Ephrem de Nevers was a native of Nevers, France. He was a Capuchin Franciscan priest and the first Christian missionary in Madras (Chennai), Tamil Nadu, India. De Nevers founded the first Christian mission in Madras on June 8, 1642, and was appointed the first Prefect Apostolic of Madras Capuchin Mission. Initially, it was known under the name the Apostolic Prefecture of Fort St. George. He served for 53 years as a missionary and died in Madras on October 13, 1695.

Birth and mission in the Middle East[edit]

Father Ephrem de Nevers was born between 1607-1610 in Auxerre in the Region of Burgundy, France. He was baptized Etinne(Stephen) and his family Leclerc a native of Nevers. He became a Friar Minor Capuchin in the Capuchin province of Touraine and took the name of St. Ephrem. He was a well learned man and particularly in Science and Mathematics. He was first sent as missionary to the Middle East in 1636 and he served in various missions in Lebanon, Syria and Persia. His Superiors always entrusted him with the affairs to look for new foundations for the Capuchin province of Tours, thus he traveled to Sydon, Bayreuth, Damas, Alep, Diyarbekir, Mosul, Bagdad, Ispahan and Basra. Father Ephrem de Nevers came to India in 1640 to report about the first Indian Capuchin mission in Surat and to take up new mission in Pegu, Burma. Because, in 1639, the French Capuchin Father Zeno de Beauge founded the first mission for the Propaganda Fide in India with a lot of opposition from the Padroado clergy.[1]

The Foundation of The First Christian Mission in Madras[edit]

Ephrem de Nevers came to Madras (Chennai) in 1642 to get a boat take him to Pegu. The English who founded the city of Madras in 1639, requested him earnestly to stay there for the spiritual benefits of the Portuguese Catholics.[2] Since, Padroado diocese of Mylpaore was very close to this English settlement, Ephrem de Nevers refused to their appeal but seeing the spiritual desolation of the people accepted to found the first Christian mission in Madras,[3] (This Capuchin mission of Madras was elevated to archdiocese of Madras in 1886 and later amalgamated into Mylapore diocese as Roman Catholic Archdiocese of Madras and Mylapore in 1952).
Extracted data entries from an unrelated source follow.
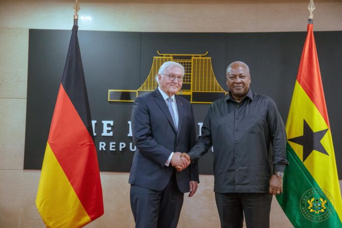 President John Dramani Mahama on Monday, November 3, 2025, welcomed the President of the Federal Republic of Germany, Frank-Walter Steinmeier, to the Jubilee House as part of his three-day state visit to Ghana.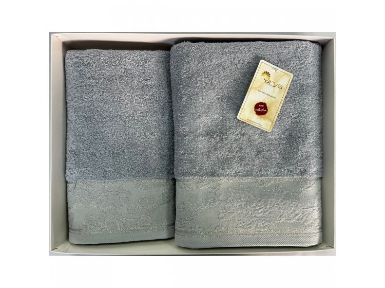 Набір рушників Arya Sena блакитного кольору, виконаний із 100% бавовни (махра) із жакардовим бордюром. Рушник високої якості, м'який на дотик, добре вбирає вологу. Щільність : 500 г/м2. Якість рушників гарантована всесвітньо відомим турецьким виробником – торговою маркою Arya.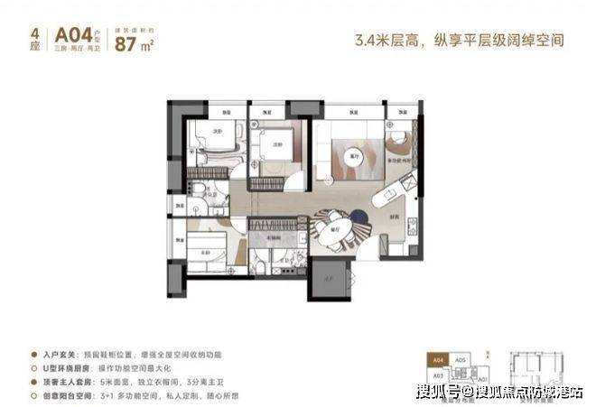 87㎡户型功能丰富,满足家庭多样化需求。入户预留鞋柜位,增加全屋收纳空间,方便日常生活。U 型环绕厨房操作空间阔绰,洗切煮动线流畅,为烹饪提供便利,无论是家庭聚餐还是日常烹饪都能轻松应对。5 米顶奢主卧配备独立衣帽间,满足主人对衣物收纳和私密空间的需求,彰显生活品质。3 + 1 多功能空间可根据个人喜好进行私人定制,可改造成书房、儿童游乐区或健身房等,随心所想,充分满足家庭不同阶段的生活需求。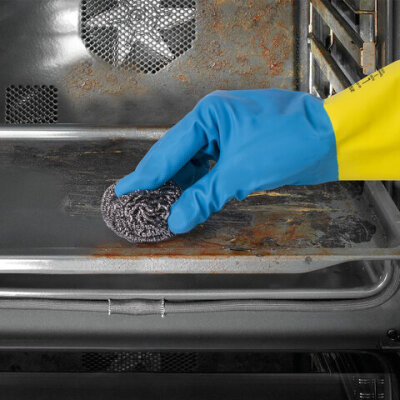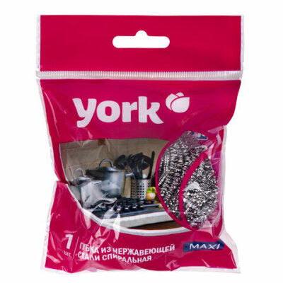 Спиральная стальная губка YORK удаляет самые сложные загрязнения с посуды, кастрюль и решеток.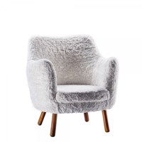 RACWCWAGCHR-CRT Wagner Chair $565 Scandinavian inspired rental Wagner chair with soft white fur upholstery.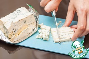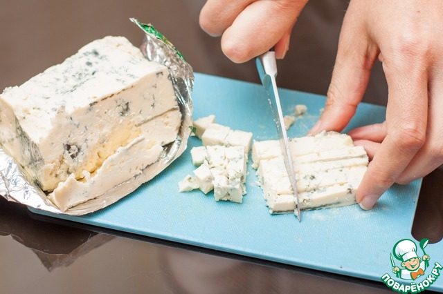 Сыр с плесенью нарезать мелкими кубиками или разломать на кусочки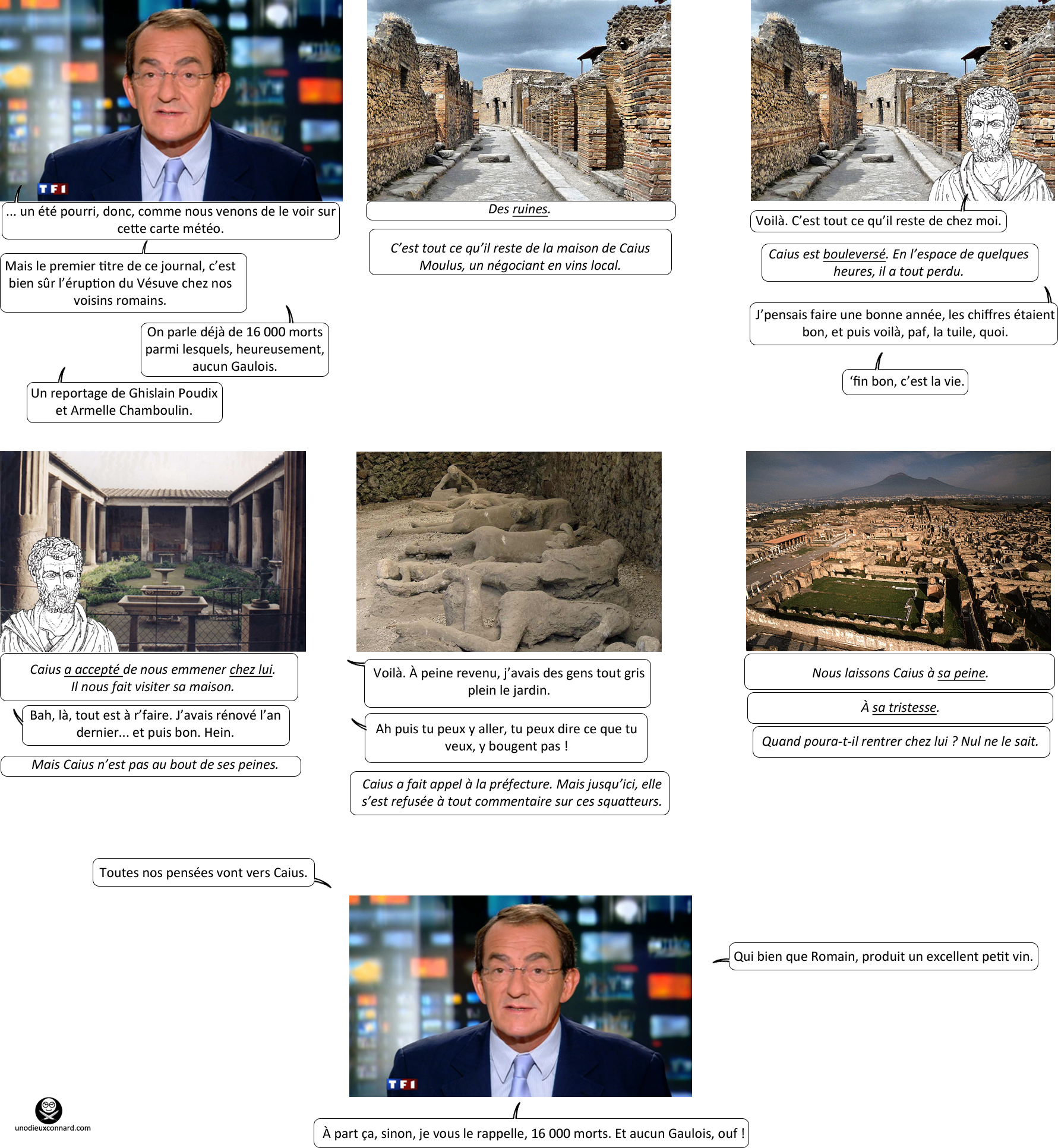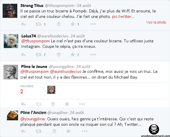 – Franchement, je souhaite bien du courage aux générations futures. Non parce que sérieusement, vous imaginez, vous, si on avait eu tous nos médias actuels à l’époque de la fin de Pompéi ?

Thus,he was credited to be the first Christian missionary of Madras, he built the first church of Madras dedicated to St. Andrew the apostle in Fort St. George and in the same year 1642, Pope Urban VIII raised this Capuchin mission into Prefecture apostolic and Father Ephrem de Nevers was appointed the first Prefect Apostolic of Madras.[4] He was a man of great intellect and a linguist who was able to converse in French, English, Portuguese, Arabic, Persian and Tamil. He founded the first English school in India in his priestly residence.[5]

The Saint of Madras[edit]

The Padroado Portuguese system which resented to the missionary works of Propaganda Fide in India, arrested Ephrem in 1649, under the Portuguese Inquisition and imprisoned him for about two years in Goa.[6] By the grace of Bijapur Sultan, Ephrem was released from the Portuguese Inquisition in 1652.[7] Ephrem de Nevers returned to his mission of Madras and served with a great missionary spirit and brought many souls to the Christian faith. In an Anglican colony, Father Ephrem lade a strong foundation for a Catholic faith in spite of the oppositions from the Anglican clergy. He founded a new church dedicated to Our Lady of Angels for the local converts at Armenian street in 1658, (this Capuchin church of St. Mary's served as the cathedral of Madras archdiocese from 1886-1952,today, St.Mary's Co-Cathedral of Madras-Mylapore archdiocese[8] and a famous shrine of St. Anthony of Padua). He was always acclaimed a holy and saintly priest and lover of all who possessed the real missionary spirit. Having served 53 years as missionary in Madras, Ephrem de Nevers increased his flock from 40 to 8000[9] and he died on 13 October 1695 and he was buried in the church of St. Andrew in Fort St. George.[10] when the English demolished this first church of Madras in 1752, the tomb of the first Christian missionary disappeared from the soil of Madras.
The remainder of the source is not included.